The strategy now is to hold on to the bank's share of the lucrative Moscow market andf at the same time expand fast in selected regions where the biggest growth potential is now.
"We are targeting regions where our range of products - leasing, mortgages, personal loans - are in demand. This means regions with an emerging middleclass and mid-cap companies," says Dementiev. "The trouble is everyone is targeting the same group, so how do you appeal to the hearts and wallets of these customers?"
Dementiev argues that UralSib is in a uniquely strong position to beat off the competition. He identifies three key areas where banks in Russia must be strong and goes onto say that most banks expanding into the regions fall down on at least one of these criteria.

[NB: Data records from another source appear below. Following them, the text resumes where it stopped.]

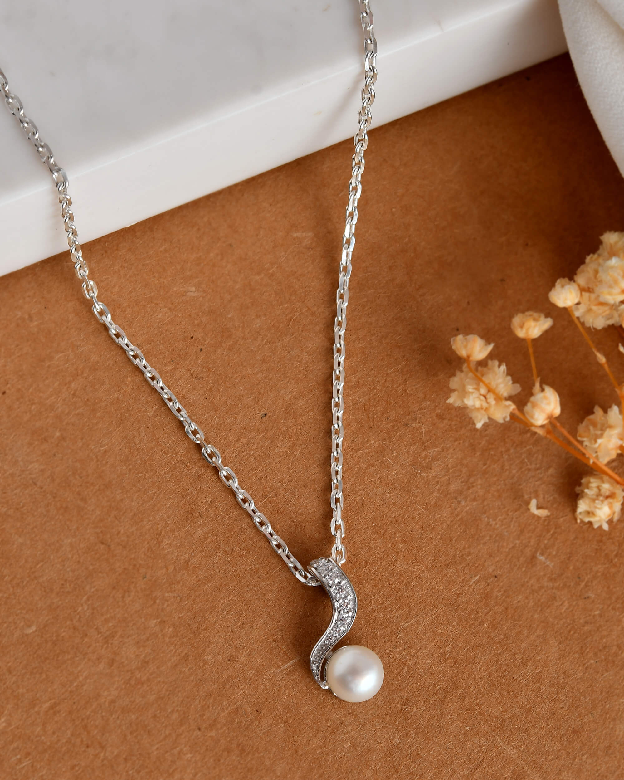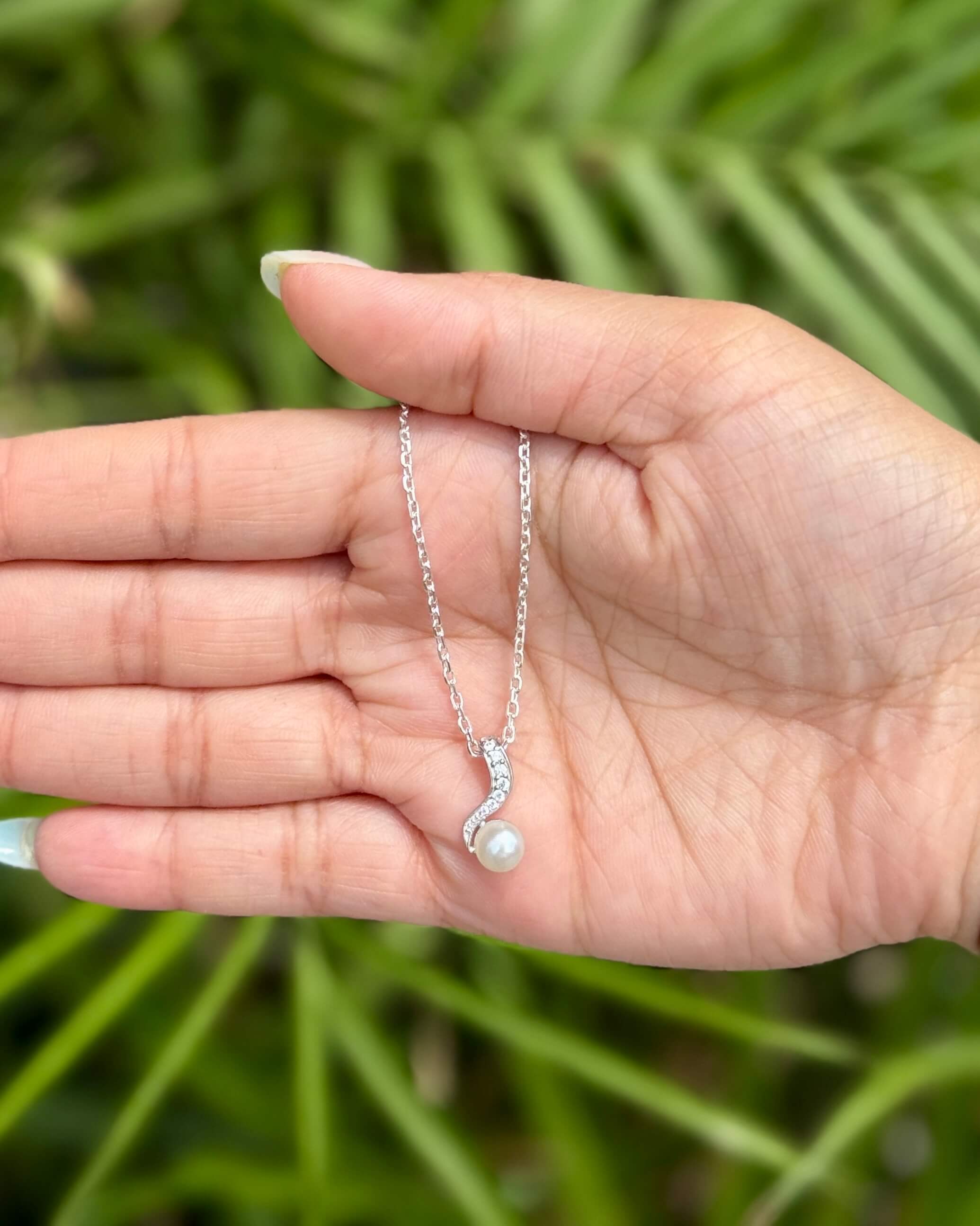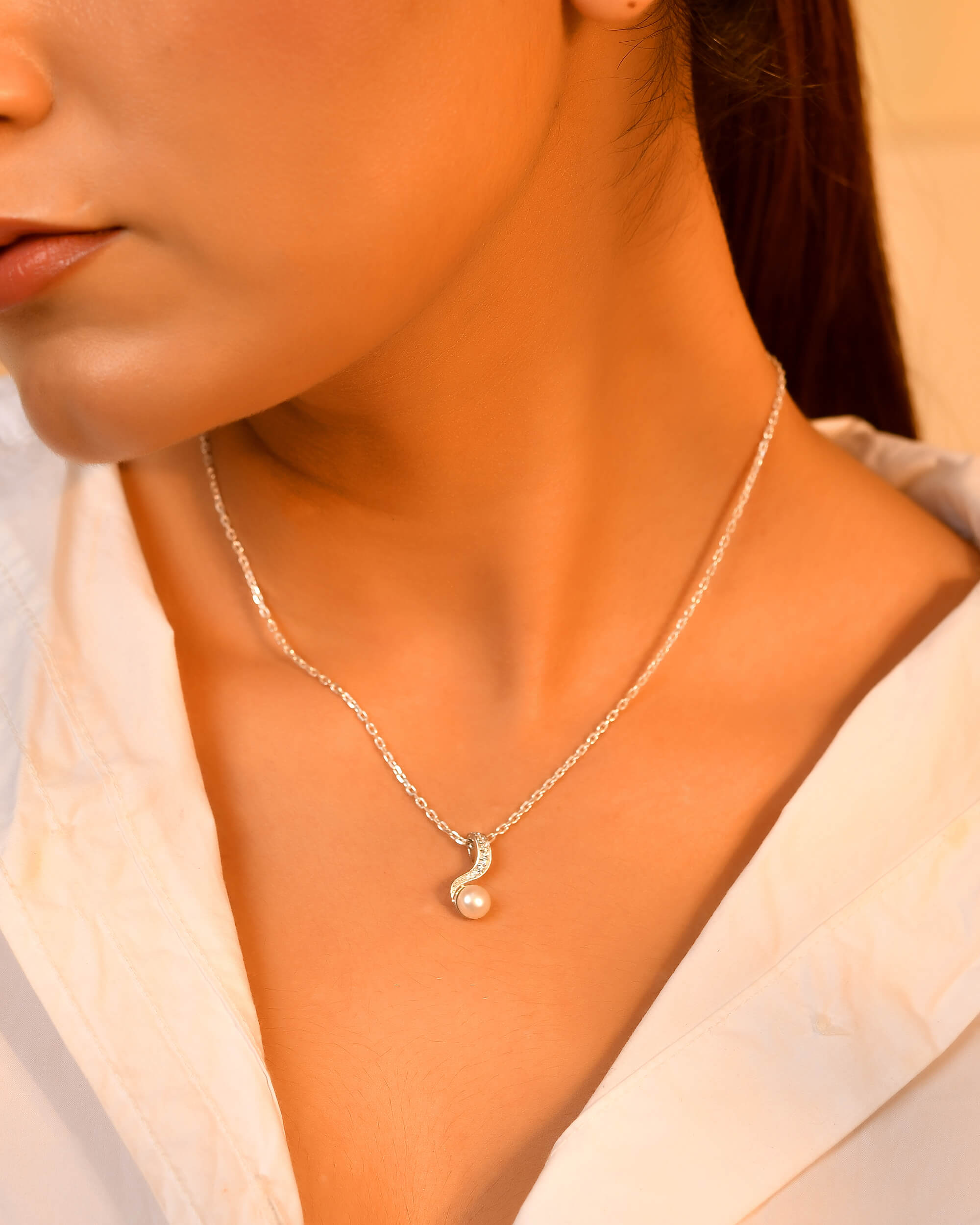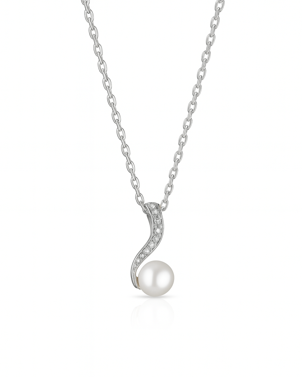 A modern twist of silver curves ending in a luminous pearl—minimal, graceful, and versatile.
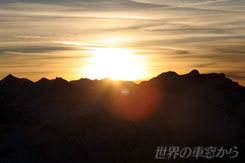 「撮影日誌8」 「飛行機雲公害」と谷茂岡カメラマンが時々つぶやくように、アルプスでは飛行機雲がけっこううるさい。まあヨーロッパの真ん中みたいなところにあるから、この辺りを通る飛行機は多いのだろうけど、せっかく大自然の悠久な気分を満喫したいと思って来ているのに、山の背後の青空に、人工的・現代的なものをものすごく象徴する白い筋がいくつも現れるのはちょっと悲しい。 さて、ブリークから西に向かい、次の目的地はシャモニー。フランス。最初の冬季五輪が行われたところ。でも、フランスに入るずっと前に、既にフランス語圏になる。何の前触れもなく、降りてみるとそこにはフランス語。人々はフランス語を話している。いや、そりゃ「ここからフランス語」なんて書いてあるはずがないけど、でもやっぱり驚く。 そう、城もたくさん見たっけ。クールに向うライン川沿いに幾つも城があり、ここローヌ川沿いの町でも城を仰ぎ見て、イタリアに近いティチーノ地方でも城見物。スイスって何か山国だし、よその国々とは一線を画していたような気がしていたけれど、ドイツとフランスとイタリアとオーストリアなどという強国に囲まれて、そんなわけもないと今さらながら気がついた。 ヨーロッパでもっとも高い山(厳密にはコーカサス山脈の方が高いけど、あまり「ヨーロッパ」ではないということで…)モンブランの高さはいったい何メートルなのか。これが実は難解。4808mということなのだが、でもフランスの地図には4810mと記されているものもある。2002年に測量したところ、そういう結果が出たらしい。ところが2003年に再度調べたところ4808.45mで、山頂の位置も移動していたというからややこしい。そんなことから2年ごとに測ることになったのだそうで、2005年の調査では4808.75mとまた少々増えているし、2007年には、再度4810mに到達。要するに山頂が雪と氷だから変動するみたいなんですけど…それってありなのか?本物の「山の頂上」は40メートル離れたところにあって4792mのようです。 ああ、よくわからない。 どうして栗のケーキがモンブランなのか、とか万年筆の会社がモンブランなのかは、今は考るのをやめておこう。
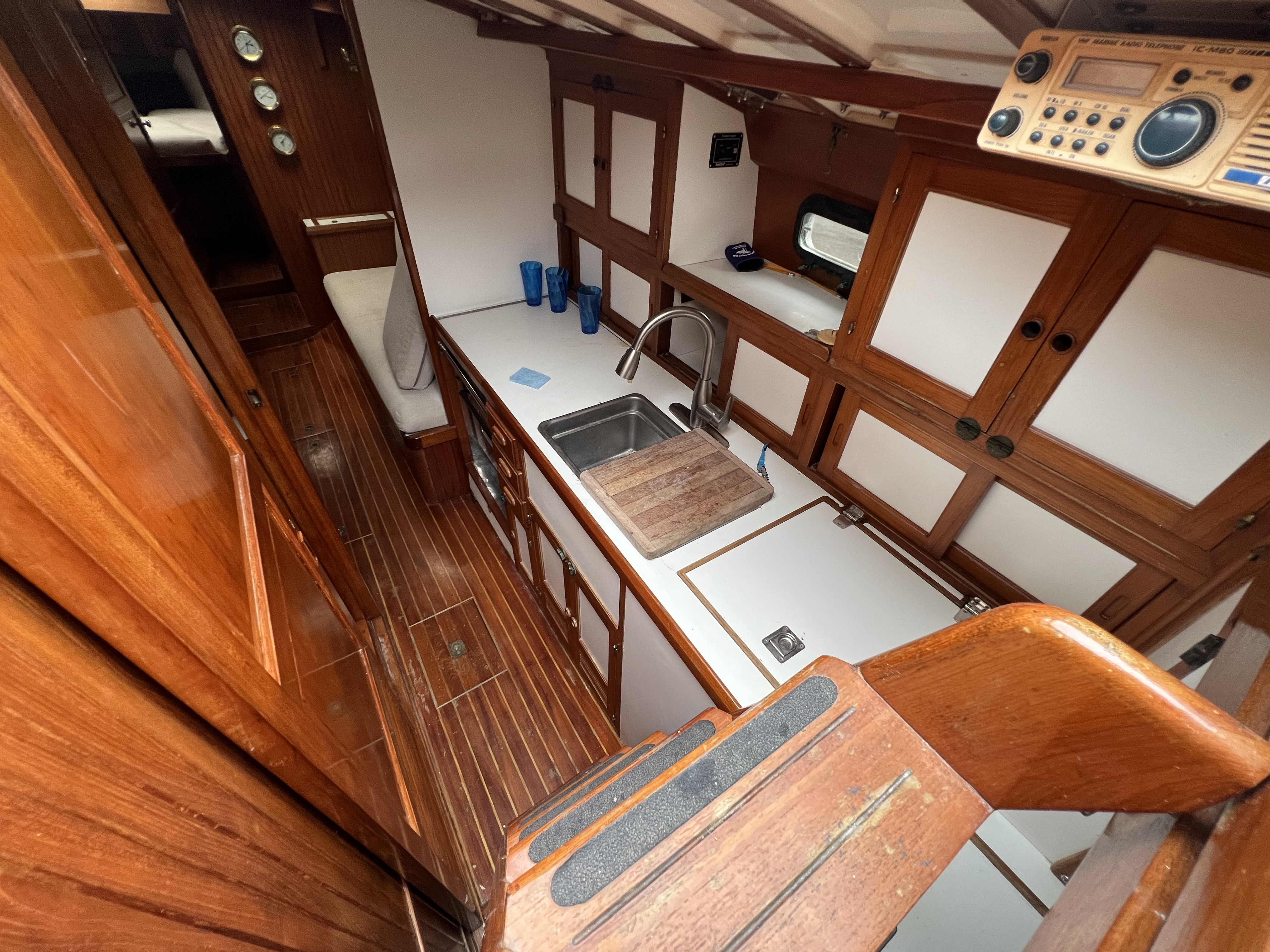 •The forward facing, fold down navigation station is across from the galley in the mater stateroom.
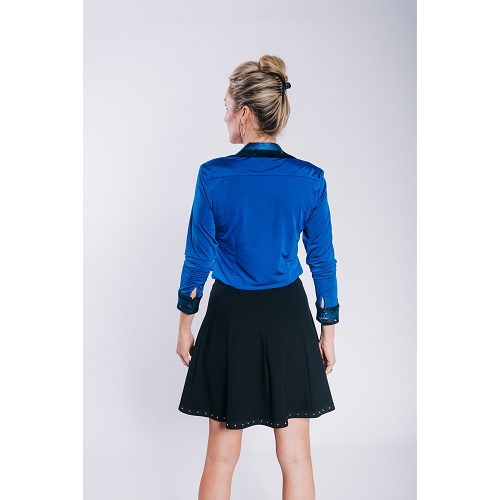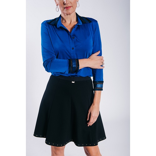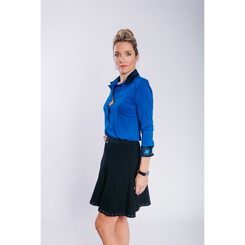Deze blouse is gemaakt van soepele stof van travel kwaliteit met een prachtıge glans. Wat de blouse heel bijzonder maakt is de afwerkıng van de kraag en manchetten met een bijzonder transparant materiaal met glanzende en fluwelen banden. De speciale knoopjes geven de blouse een luxe moderne uıtstraling. De blouse heeft een getailleerde fit wat resulteert in een zeer elegante look. Goed wasbaar en kreukt niet. Mooi te combineren met een zwarte broek of rok of voor een meer casual look enig met jeans. Online bestellen is sinds 1 juli 2025 niet meer mogelijk. Stuur een mailtje naar klantenservice@colettesol.com als je interesse hebt in dit product.
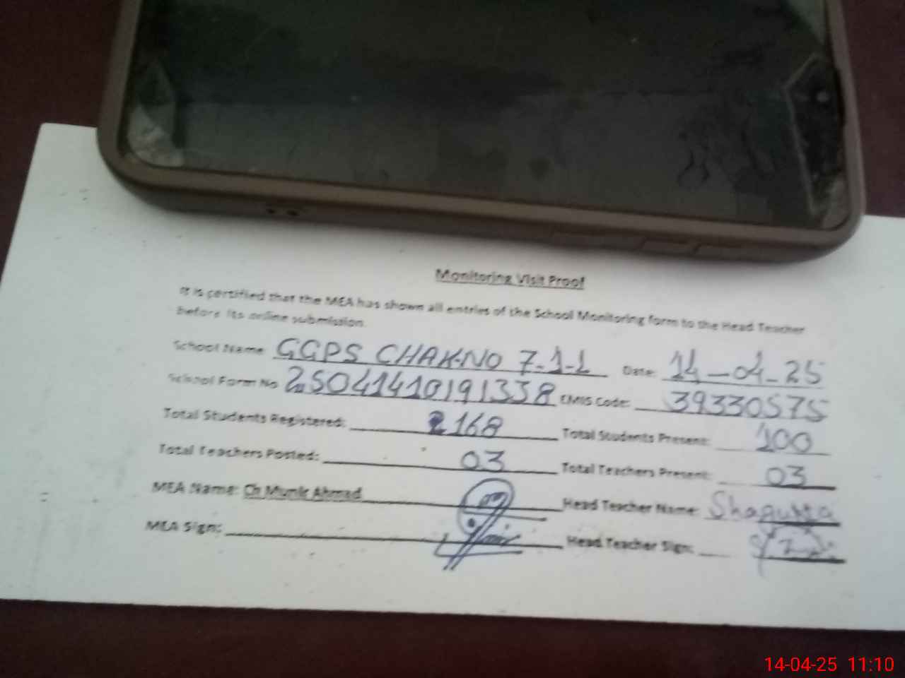 | Attendance Register | Head Teacher | MEA with School | Visit Proof |
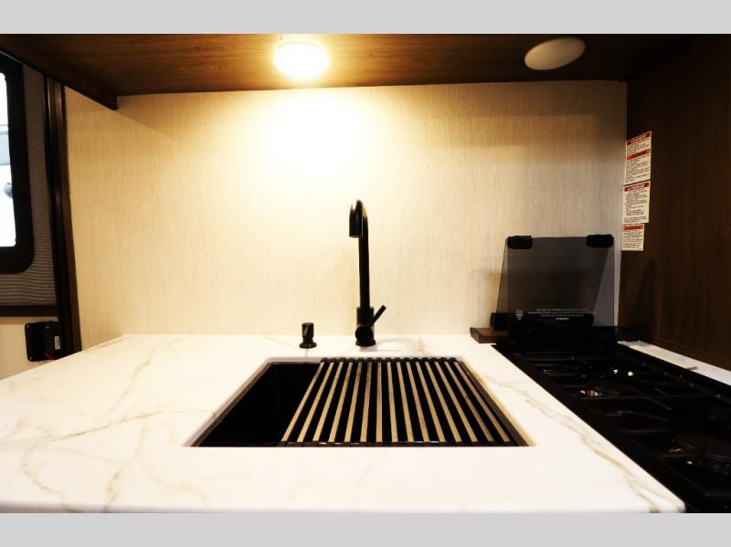- Seamless faux marble countertops and oversized cabinets

There are three kinds of bank in Russia: state-owned banks, regional banks and foreign-owned banks," says Dementiev. "And they have to have three things to compete in the regions: local knowledge, capital and a range of attractive products."
Sberbank stands head-and-shoulders above other Russian banks in terms of capital and with a 20,000 strong branch network it also has an intimate knowledge all the regions of Russia. But as a Soviet-era dinosaur it has been very slow to develop new products and its shoddy service is the stuff of legend
The other big state-owned bank is VTB, which scores as well in terms of capital and is better than Sberbank in its product range, but VTB only went into retail banking in August last year with a Moscow-based branch network.
The foreign-owned banks are also well capitalised and have innovative products, but obviously lack local knowledge.
Finally, the regional banks give UralSib a run for its money in terms of local knowledge and the best are developing products, but Dementiev says they are limited both by their lack of capital and geographical reach.
Dementiev says UralSib has several years of organic growth ahead of it as it fulfils on its potential, but he expects it will eventually have to tie up with international investors.
"The bank is currently well capitalised and we have aggressive growth plans, but in the future we understand that we will need to IPO if we are going to continue to grow," says Dementiev. "There are definite plans to IPO, but definitely not in the immediate future."